My deepest thanks to incredible mentor Paige Bailey for putting up with my overengineered solutions, constant support and guidance not only for GSoC but beyond it too.

Hannes Rudolph - I loved your enthusiasm and excitement. Thank you for introducing me to Roo Code and for keeping me updated and helping me.

Matt Rubens and Daniel - Those 60+ review comments were brutal but necessary. However, I enjoyed every minute of it and the great discussions we had.

The Roo Code community who tested stuff and reported bugs.

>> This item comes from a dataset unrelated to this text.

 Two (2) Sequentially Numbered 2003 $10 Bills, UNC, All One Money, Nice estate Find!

And thanks to Google DeepMind for the opportunity to work on something that actually ships, instead of just staying in a research repo somewhere.

10) Resources & Links


11) Closing

The grounded search feature is working. Users are actually using it, which still feels weird to say.

The race condition fix was probably the most satisfying to solve, even though it took way longer than I expected. Streaming APIs are tricky, and citation placement during real-time responses is one of those problems that seems simple until you actually try to implement it. The caching design... well, it's designed. Whether it gets built is up to the team now.

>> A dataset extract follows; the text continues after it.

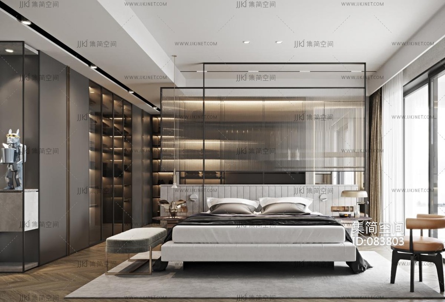 卧室,轻奢,暗黑风,现代轻奢卧室双人床,懒人沙发法式卧室3d模型下载

Honestly, the biggest thing I learned was how different real software development is from academic projects. Users don't care about elegant algorithms - they care about whether the thing works reliably and doesn't cost them a fortune.

That's probably obvious to most people. Took me a summer to figure it out.

Anyway, these features are out there now, helping developers get better AI responses. That's pretty cool.